Several thousand years and some months ago, an angel visited a trembling teenage girl to announce that the long-awaited heir to the throne of David was finally coming to establish His kingdom, not through military occupation, but through active residency in her womb. Nine months later, Mary held in her tired and trembling arms the Savior that the angels proclaimed and the shepherds left their sheep to see for themselves, and to worship. 33 years later, Mary stood and watched as the baby she had nursed at her breast became the man bleeding and broken on a cross, with burial clothes replacing swaddling cloths, laid cold and lifeless in a borrowed tomb.

But three days later, the Man who had once raised Lazarus’ body was raised bodily Himself. He walked with, and talked with, and fed the disciples who doubted, until He went to be with His Father, not abandoning us, but because He was preparing a place where we would be with Him. Not virtually.
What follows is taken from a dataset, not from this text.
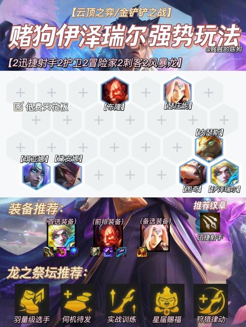 〖One〗、阵容运营: 开局抢:反曲弓,优先做羊刀,其次大剑或拳套。 前期过渡:2迅捷射手搭配格斗、护卫、重骑兵等前排连胜过渡,霞的装备给伊泽瑞尔打工。21升四,25拉五,32拉六。 中期运营:37或41拉七,大搜出一张霞+杰斯稳定血量,没有呲呲就上人马、努努等开高重骑。逆风则在7级搜出2星霞再上八。

But literally.

And until that time, every time that we meet together in person, to eat the bread of His body and drink the wine of His life-giving blood, we proclaim His physical death, and the spiritual, and eternal, life it accomplished for us, until the day He returns.

And the celebration we enjoy together on that day will be anything but “virtual.

The celebrations the world invites us to may be digitized and commoditized for convenience’s sake.

But the celebration that the King of Kings and Lord of Lords paid for, with His own blood, will not.